Ещё бы пару лет назад, до полного разлада, который ни одна из сторон принимать не хотела, но видела, он бы ответил — взаимопонимание, привязанность, близость. А сейчас с губ сорвалось единственное:
— Привычка.
Потребовалось около пяти минут, чтобы к этому слову добавилось ещё одно, более грязное и уродливое — секс. Казалось, что Чан только сейчас это осознавал. Но он был одержим телом Минхо, близостью с ним, его податливостью. Потому что собственными руками воспитал это в нём. Взял неопытного мальчишку и создал под себя. И изменить ему? Никогда. Даже помыслить о таком нельзя было. Ни разу в своей жизни Чан и не думал о том, что хотел бы кого-то другого, да только прибегал к иным вещам. Как и напомнил Со. Однако то всего лишь были разговоры и общение, оно даже редко повторялось, но именно в нём Бан восполнял себя. Ему нравилось ухаживать за девушками, подавать руку, помогать снять или надеть верхнюю одежду, наполнять бокалы вином и просто наблюдать за утончённостью. Не более. С ними наедине в его голову не ударяла мысль о чём-то большем, пошлом, низменном. Именно поэтому секс с Минхо и стал таким важным. Перестал быть частью отношений и проявлений своих чувств, лишь удовлетворение, в котором достаточно часто Бан забывал о своём партнёре. И даже всё это не могло заставить пересмотреть собственное поведение и поведение Ли, хотя оба уже дошли до какой-то точки, где пора настала задуматься о будущем. Для Бан Чана новой главой являлась свадьба. Спал и видел, что там, в Австралии, всё будет по-другому. Начнётся с нового листа. Минхо вновь всецело будет принадлежать ему, и для этого он сделает всё, лишь бы слышать смех, видеть улыбку и радость в невероятных глаза. Однако в настоящем будто и не стремился делать и каплю из этого. И сам не понимал — почему же.

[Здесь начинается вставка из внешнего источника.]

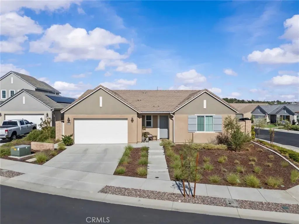 GATED 55+ COMMUNITY | ESPLANADE AT SOMMERS BEND | CUL-DE-SAC | CORNER LOT | PAID-OFF SOLAR | TANKLESS WATER HEATER | LARGE LOW-MAINTENANCE BACKYARD | SINGLE STORY | You have Arrived! This beautiful home features 3 bedrooms and 2.5 bathrooms with a thoughtfully designed open-concept floor plan. As you enter through the front door, youre immediately greeted by a spacious family room that flows seamlessly into the dining area and kitchen. The kitchen is a chefs delight with a large center island and a walk-in pantry, offering both style and functionality. The primary suite is privately situated down the hall, featuring a generously sized walk-in closet and a spa-like bathroom with an oversized walk-in shower. Two additional bedrooms and a full bath provide comfortable space for guests or a home office. Step outside to your backyard retreat, complete with an extensive aluminum patio cover, a cozy outdoor gas fireplace, and low-maintenance landscaping with turf and concrete walkways, ideal for relaxing and entertaining year-round. Living in Esplanade means access to exclusive resort-style amenities, including a clubhouse, pool, fitness center, and more. All this, just minutes from Temecula Wine Country, shopping, and dining. This home perfectly blends comfort, convenience, and community. Dont miss the opportunity to make it yours!

— Знаешь, — тихо заговорил Чан, — когда его перевели в нашу школу, я сразу влюбился. Он был таким полным, с совсем короткой стрижкой, так ещё и очки дурацкие, огромные носил, словно его зрение было просто чудовищно плохим. Они перекрывали его лицо, хоть оправа и была тонкой. Кстати, вроде они даже тут, дома, валяются где-то.

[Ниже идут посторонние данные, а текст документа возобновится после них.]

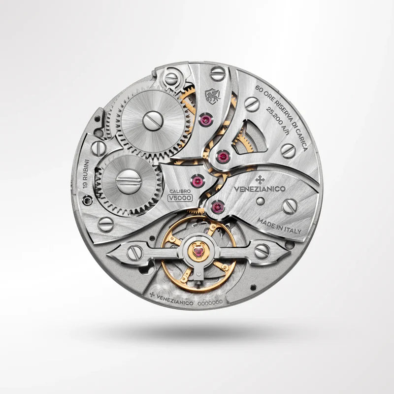 W 2025 roku wprowadziliśmy kaliber V5000, nasz pierwszy własny mechanizm mechaniczny, w całości zaprojektowany i wyprodukowany we Włoszech. Rezultat, który łączy rzemieślniczą wiedzę i precyzję inżynieryjną, stanowi odważny krok w kierunku nowej wizji niezależnego włoskiego zegarmistrzostwa.

Чанбин же молчал, изумляясь сильнее с каждой минутой. Как-то раньше ему и не доводилось узнать историю становления таких долгих отношений. Ну, познакомились в школе, оказались в одном университете, только на разных направлениях, вроде достаточно стандартная ситуация. Потому что оба всегда казались до одури влюблённым друг в друга, а это несмотря на то, что почти никакой тактильности в компаниях и поездках парни не проявляли. Наверное, и то случайно, он сам лично всего лишь один раз видел, как они целовались. Ещё тогда впервые почувствовал ненавистную ревность, потому что видел, как Минхо раскрывался в руках друга. И сейчас то, как Ли прижимался, тихо постанывая в чужие губы, как руками водил по массивным предплечьям, слишком отчётливо всплыло в памяти. Зависть взыграла в венах. Такой нежности жаждалось и самому, но ни в одном партнёре Чанбин подобного не находил, словно неосознанно сравнивая с тем, увиденным тайком. Так к тому же и Чан подливать масло начал. По тону его голоса всё становилось отчётливо понятным: даже если любви не осталось, Минхо по-прежнему был его крошечным миром.
— Тогда я впервые почувствовал тягу настоящую, влечение. И испугался, ведь… Мальчишка…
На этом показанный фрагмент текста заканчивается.